The governor’s race in Florida is on and it’s ugly. But like our pathetic response to ISIS, it’s almost entirely an air war. Mostly throwing dirt high into the air to little or no effect.
Incumbent Republican governor Rick Scott, along with his Democrat (for the moment) challenger and former Florida governor Charlie Crist, plus the various groups supporting these two, are running lots of television ads. Most of these ads helpfully point out that the other guy is a villain, a blackguard, a knave, a poltroon, and a low-down suck-egg dog (or words to this effect) with neither the integrity nor competence to be trusted with the office of assistant county rat-catcher, let alone governor. If Florida voters believe these ads, this could be the first election for governor in which no one votes.
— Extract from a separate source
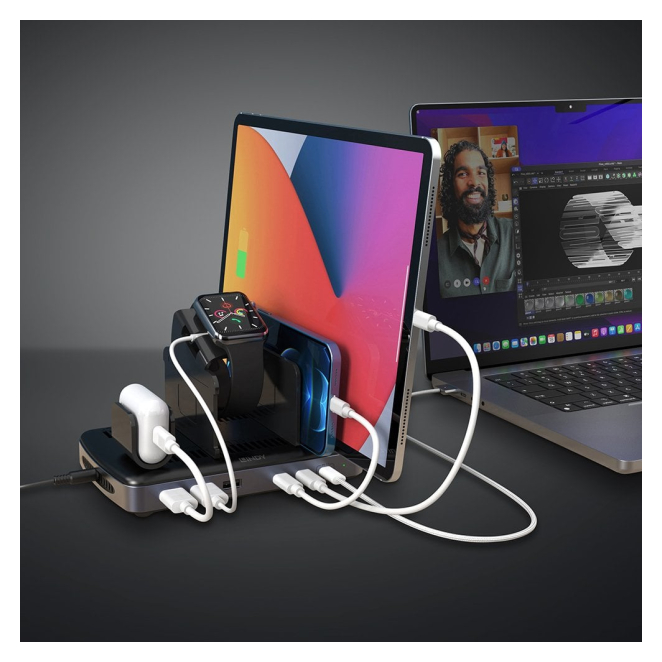 Lindy 73436 organizador para estación de carga Independiente Aluminio, Plástico Negro, Gris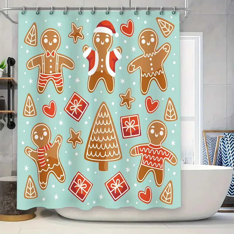 GAEDelightful Gingerbread Christmas Shower Curtain Festive Decor for Your Bathtub Perfect Gift Idea! (Blue)

The candidates are conducting retail campaigns, making stops here and there which are covered by the local suits and hairdos of “Action News” and the local “Daily Bugle.” As I travel the heavily populated and politically important Tampa Bay area, I’ve yet to see a single yard sign for either candidate. I’ve seen only one bumper strip, that for Crist, on the back of a car festooned with strips for various left causes.
And make no mistake, Crist, the Reagan-Republican (self-described) of early 2010, is now running as an unapologetic Obama Democrat. All left, all the time. In recent pronouncements on what he would do on his first day as governor — a barometer of what Crist wants Florida voters to think he thinks is most important (with Charlie, this is always subject to change without notice) — he says he would sign executive orders that would: require state contractors to pay a minimum wage of $10.10 per hour and to outlaw discrimination against gay and transgendered employees of state agencies. (Of course he offered no evidence that gays are in fact being discriminated against in state employment.)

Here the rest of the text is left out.